20 4.3.3 Morphological Characterization Figure 4.13 FESEM image and corresponding EDAX spectrum of (a) Mg- YSZ and (b) Ba-YSZ The FESEM images of the transition metal doped YSZ (Figure 4.14) reveal agglomerated uniform sized spherical shaped nanoparticles whereas alkaline earth metal doped YSZ (Figure 4.13) exhibit irregular shape and non-uniform particle size distribution which is due to the low crystallinity. Further, the severe agglomerations of the particles are due to the change in surface energy considerably by the addition of dopants. The corresponding EDAX spectrum shows the composition of the elements present in the sample. The atomic ratio of Zr:Y:M (where M is the dopant metal ion) obtained from the EDAX analysis agrees well with the initial composition taken for synthesis of the nanomaterial.

21 Figure 4.14 FESEM images of (a) Mn-YSZ, (b) Cu-YSZ (c) Ni-YSZ with corresponding EDAX spectrum and (d) Zn-YSZ with corresponding EDAX spectrum 4.4 CONCLUSION The dopants influence the crystal growth and phase of the material. Moreover, it can be inferred that crystallite size reduction can be made by addition of such dopants as it suppresses grain growth and crystallization. Usually a very smaller size of the particle (<10 nm) reduces crystallinity of the sample and the material exhibits amorphous nature. All the synthesized samples are nanosized <20 nm as determined from XRD analysis by using Scherrer formula. All the metal ion doped YSZ are predominantly cubic

22 phased. Crystallization delay was observed in Ba-YSZ compared to YSZ and other metal ion doped YSZ. For transition metal doped YSZ peak shifts to higher 2 value marked by decrease in lattice constant as a result of incorporation of metal ions into the YSZ lattice.
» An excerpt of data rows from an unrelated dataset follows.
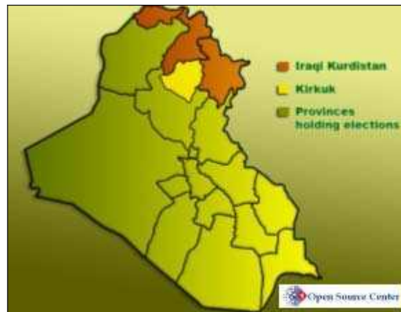
Provinces Holding Elections (13 January 2009)

According to an IHEC official quoted by Al-Malaf.net , the elections will be held in 14 out of Iraq's 18 governorates . The elections will not be held in the governorates of Arbil, Dahuk, Al-Sulaymaniyah, and Kirkuk, the official added. She also reported that the " number of voters is [approximately] 14,780,000 in the 14 governorates, that the number of polling centers is 6,500 , and that the number of seats is 440" (3 December 2008).
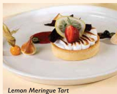
Lemon Meringue Tart
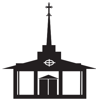
St. Albert the Great Parish
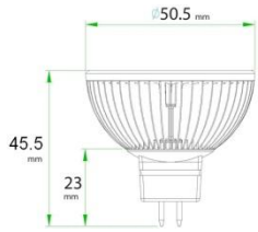
Design GX5.3 / GU 5.3
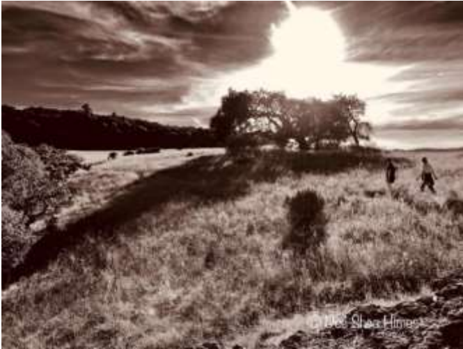
Dee Shea Himes

Bring a hat, sunscreen, water and snacks. Wear sturdy footwear. Bring a hand lens or loupe if you have one.
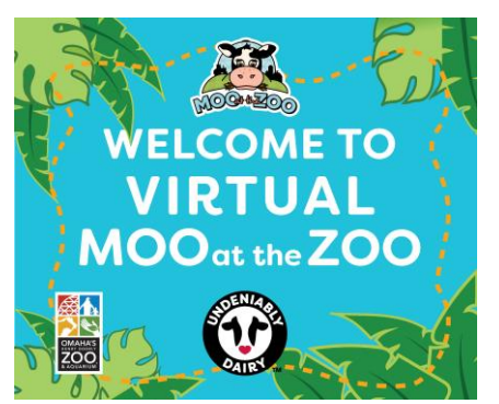
A colorful graphic welcomes visitors to the virtual Moo at the Zoo experience

Moo at the Zoo is a long-standing Nebraska tradition, bringing together consumers, cows and dairy farmers at Omaha's Henry Doorly Zoo and Aquarium to kick off and celebrate National Dairy Month. In June 2020, due to COVID-19, the zoo was closed to visitors; however, the popularity and excitement for Moo at the Zoo presented an opportunity to think differently about how the experience could come to life for consumers. Midwest Dairy, in partnership with the zoo, executed a virtual experience to engage consumers in dairy's story.
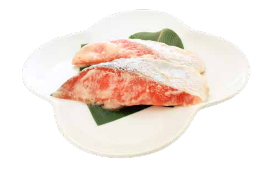
Kasuzuke Salmon Marinated with our sake lees recipe. Bake or broil for umami-packed flavor!
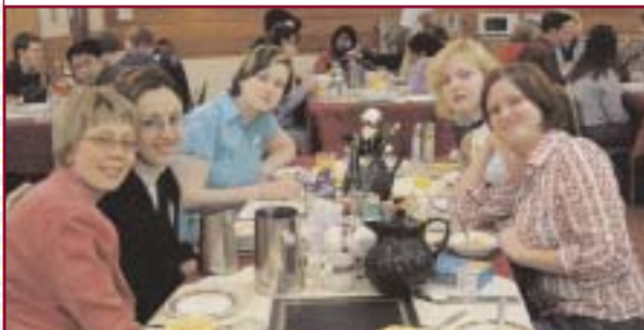
Delegates from Russia, Hungary, Lithuania and Latvia
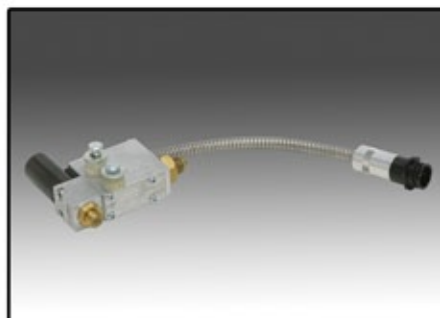
Automatic Electric Gun
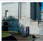
City Hall Interpretative Centre
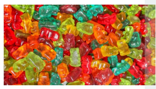
Cant Resist: Gummy Bears
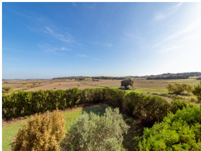
Wonderful sweeping views
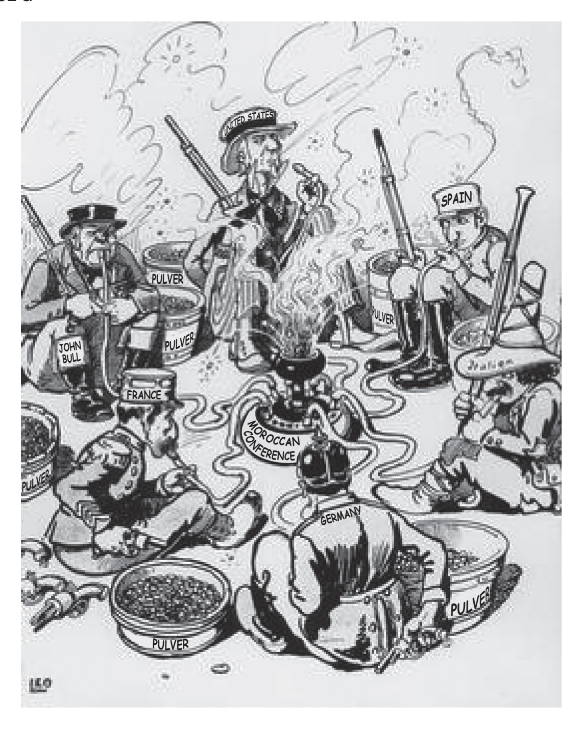
A German cartoon published in February 1906. The caption to the cartoon read 'At the Moroccan Conference: enthusiasm for smoking the peace pipe does not exclude the danger of a general explosion.' Pulver means gunpowder.
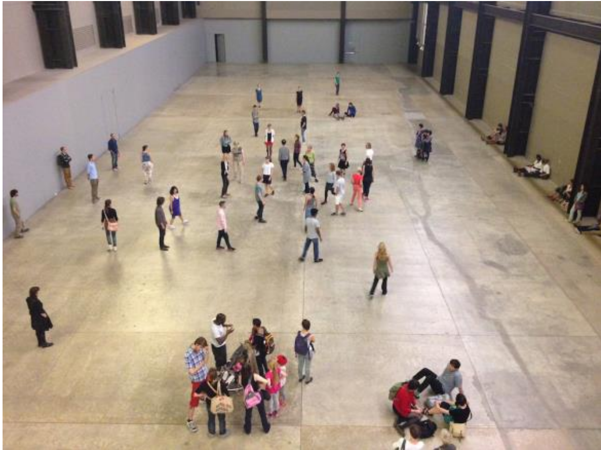
Fig 6. Tino Sehgal, These Associations , 2012

Sehgal, Tino. "These Associations." Image Object Text , imageobjecttext.files.wordpress.com/2012/08/sehgal-these-associations-2012-from-platform.jpg .
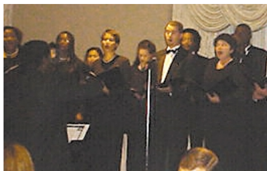
Cal State University Fullerton's Afro-Ethnic Studies Community ensemble entertains EOPS students during dinner at the Annual Recognition Ceremony.
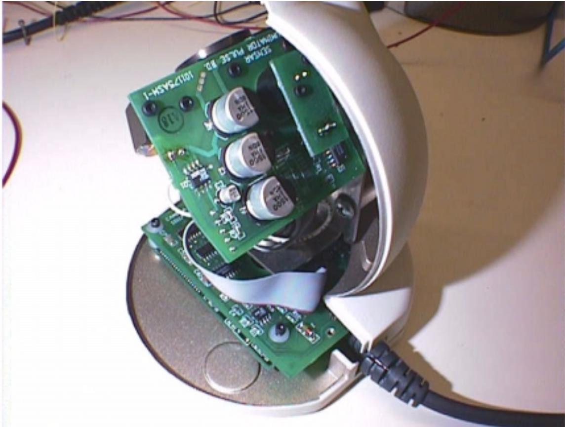
Internal Chassis and Board mounting Photo 2
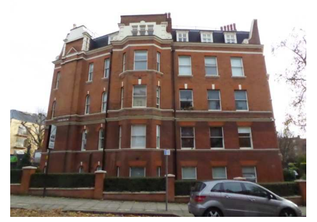
12) New sections of wall outside Avenue Mansions.
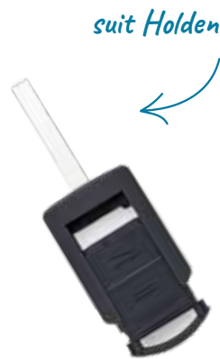
Silca Remote Auto 3 Button with Flip Blade HU66 & HU162 ID88 SHUAR22

Since diffraction peaks of tetragonal and cubic phase are closer to each other determination and confirmation of the phase in the case of broader peaks is impossible and still higher sophisticated analysis is required to refine the peak to get a improved report and absolute phase determination. Variation of intensity of the diffraction peaks was observed associated with the vacancy concentrations which are consistent with the PL results. FTIR confirms the formation of the material. Red shift in reflectance spectra was observed due to formation of new energy levels in the forbidden gap. Band gap energy of various metal ion doped YSZ have been determined by using KM plot. Ba-YSZ and Zn-YSZ show high values of energy band gap which is due to quantum confinement effect. From the photoluminescence spectra, the observed UV emission evidences the presence of of F-centres in the sample. Ba-YSZ and Zn-YSZ shows a very broad peak in the green region due to quantum confinement of reduced particle size and the presence of oxygen vacancy. This result was in good agreement with the determined higher band gap values. The surface morphology of the transition metal doped YSZ was observed to compose agglomerated almost uniform sized spherical nanoparticles whereas alkaline earth metal doped YSZ shows agglomerated irregular shaped non-uniform sized particles in the nano regime.